Even assuming we could transpose that standard, I would not. To call for regulating broadcaster-users in the “public interest,” as Carr does, is to assume there’s an agreed-upon set of institutions and experts that could identify the public interest and arbitrate the inevitable controversies that would arise. There isn’t. We have, for example, prominent voices in this country who increasingly argue that the “public interest” requires labeling dissent from approved narratives as “misinformation” that must be suppressed. And just this past year, many organizations and former FCC commissioners argued before the Supreme Court that the “public interest” demands race-based regulations. There is some truth underlying Carr’s proposal. Much blame for today’s situation can be laid at the hands of Congress, which for too long took a laissez-faire approach to social media. But the solution is not to police individual “broadcasters” on social media platforms.
Rather, the solution must reckon with the fact that social media is administered by a handful of dominant, hyper-concentrated players, with more-or-less overt ideological commitments of their own. The place for public oversight is to ensure that the few people who control these dominant firms allow a wide range of voices to be heard. Carr presents dynamism as a feature — the selling point — of the public-interest standard. But real competition in the social media marketplace — which we have not had in a long time — can be just as dynamic.
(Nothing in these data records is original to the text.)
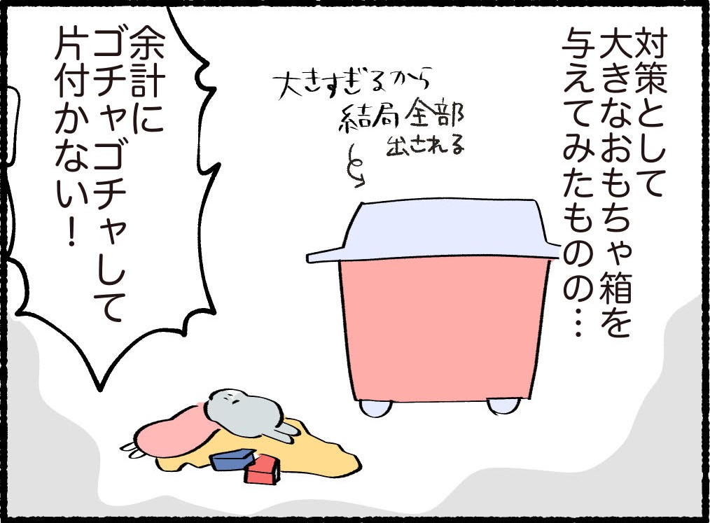 片付けがめんどくさくならないようにと、大きめのおもちゃ箱を買って「ここに全部入れればOK作戦」に出ましたが、おもちゃを出すときお目当ての物が見つからないから全部ひっくり返すようになり、余計に大惨事。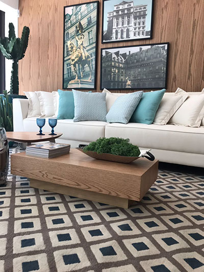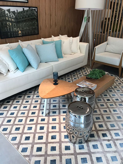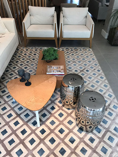 - Tapetes: os tapetes compostos em fibras baixas são fáceis na hora da limpeza e manutenção, caso necessário, poderá ser utilizado em outros ambientes, como quartos e salas de jantar. Harmonize de acordo com a paleta de cores das almofadas e sofás, como em nosso exemplo, com estampas personalizadas em ladrilhos hidráulicos.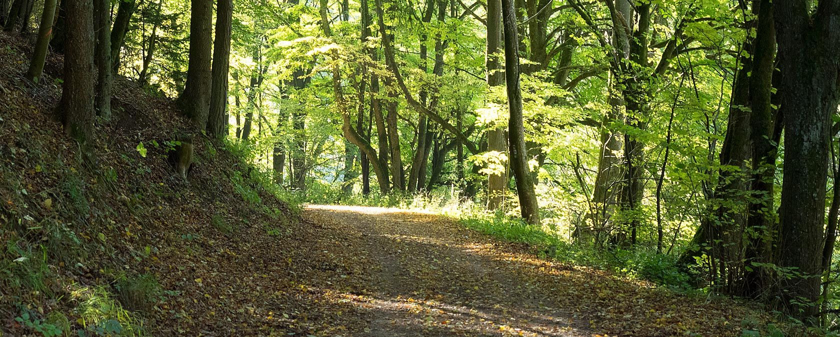 Der Rundweg führt komplett über Waldwege durch den Nusbaumer Hardt.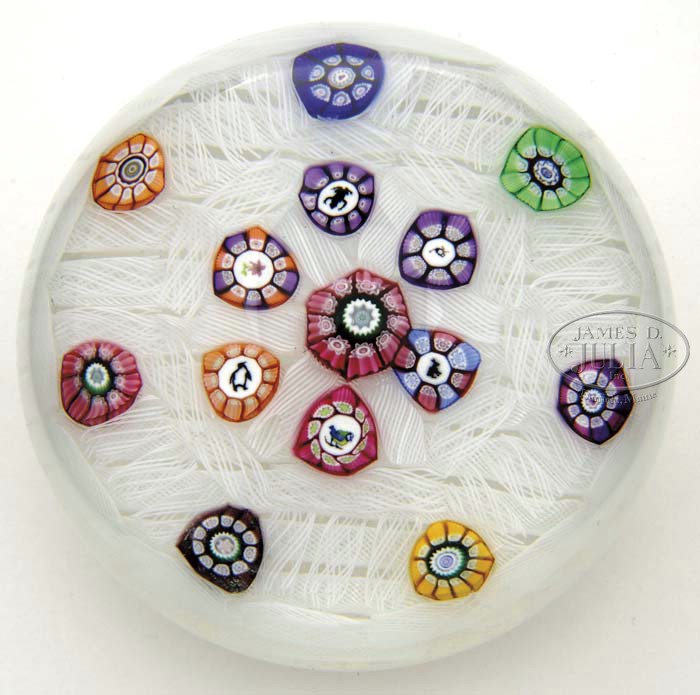 PERTHSHIRE PAPERWEIGHT. Perthshire paperweight with six silhouette canes including a frog, an ostrich, a rabbit, a bird, a penguin and a flower. Signed with a signature date cane on the reverse “P1991”. SIZE: 2-1/4″ t x 3″ dia. PROVENANCE: From the Estate of Bernard Piken; Boston, Mass. CONDITION: Very good to excellent. 5-62381 (100-200)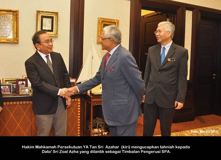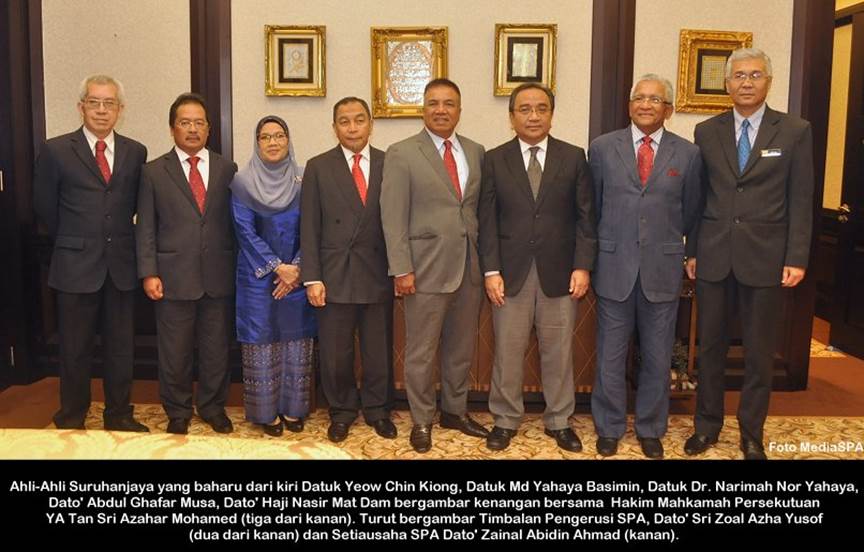 PUTRAJAYA, 30 November ------ Suruhanjaya Perkhidmatan Awam Malaysia (SPA) telah menerima enam (6) orang Ahli Suruhanjaya yang baharu semalam. Ahli-Ahli Suruhanjaya tersebut adalah YBhg. Dato’ Sri Zoal Azha Yusof (Timbalan Pengerusi), YBhg. Datuk Yeow Chin Kiong (Ahli), YBhg. Datuk Md Yahaya Masimin (Ahli), YBhg. Dato’ Abdul Ghafar Musa (Ahli), YBhg. Dato’ Haji Nasir Mat. Dam (Ahli) dan YBhg. Datuk Dr. Narimah Yahaya (Ahli). Majlis Angkat Sumpah telah dijalankan semalam dihadapan Hakim Mahkamah Persekutuan, YA Tan Sri Azahar Mohamed di Istana Kehakiman dan turut disaksikan oleh Setiausaha SPA , YBhg. Datuk Zainal Abidin Ahmad.  ------  MediaSPA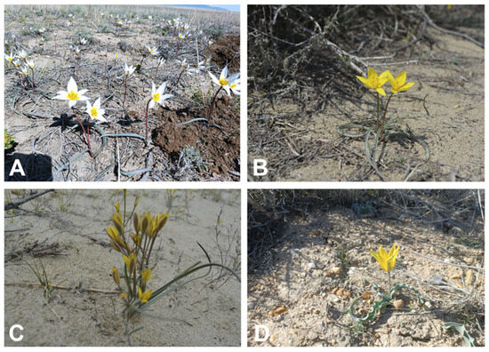 Rare species of early spring flora found in Black Irtysh valley: Tulipa patens C.Agardh ex Schult. Schult. (A), Tulipa uniflora (L.) Besser Backer (B), Gagea fedschenkoana Pasche (C), Tulipa altaica Pall.ex Spreng. (D).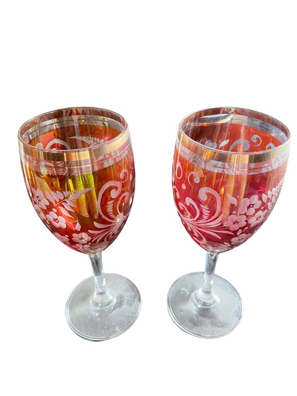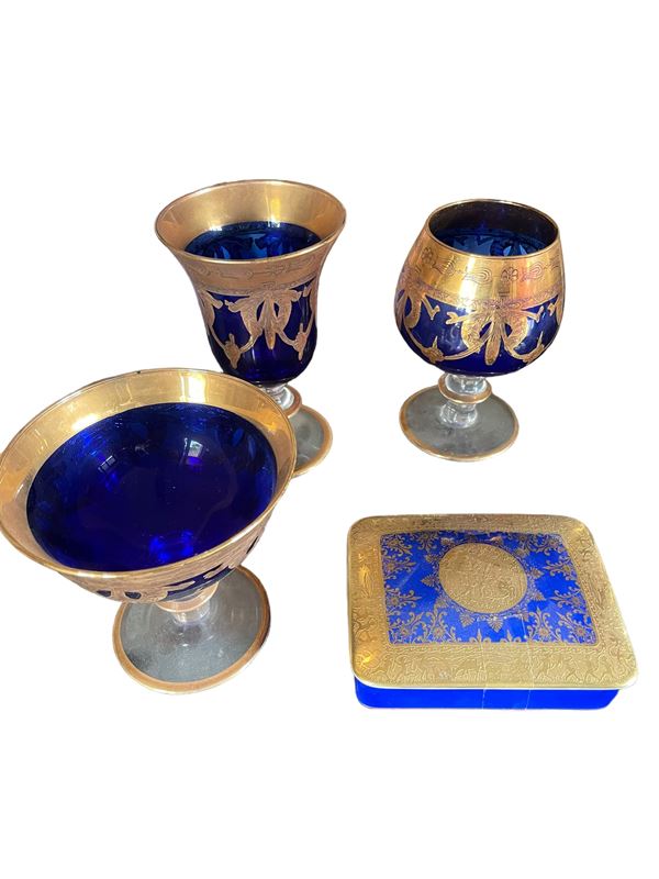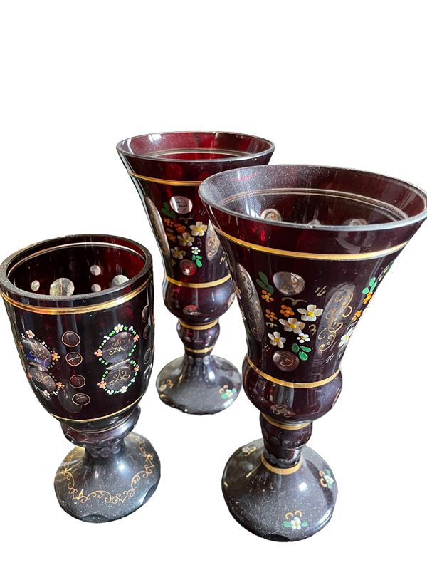 Tra cui 5 bicchieri con decorazioni a rilievo in metallo.

To start, large social media companies should be required to become interoperable with one another: Just as you can email someone who uses a different email provider than your own, you should be able to contact and engage with individuals across different social media platforms. In the same vein, large social media companies should be required to permit the use of alternate filtering and sorting algorithms — democratizing content moderation by allowing users to choose which content they wish to view or block, rather than relying on the black-box internal processes of an individual, hyper-concentrated company.
Further, Section 230 should be amended to allow dominant companies to be held liable for civil damages when they enforce their own terms of service unfairly or when their products, including algorithms, prove harmful. Section 230 has been interpreted wrongly to provide social media companies a nearly impregnable shield from being held accountable. The prospect of fair accountability is a powerful spur to internal reform, and it impedes attempts by companies to become monopolies.
Lastly, federal antitrust laws must be reformed to prevent the biggest companies from strangling the market to avoid possible competition. Offering consumers meaningful alternatives — that don’t end up getting absorbed into established market players — will prove an enduring check on the power of any particular firm.
Carr’s and my proposals would both lead to a world in which social media companies are held far more responsible for their actions in public life than they are at present. But I favor giving the American people the legal tools they need to ensure that social media serves the “public interest,” rather than trusting government regulators or individual firms to deliver on that goal through vague legal standards.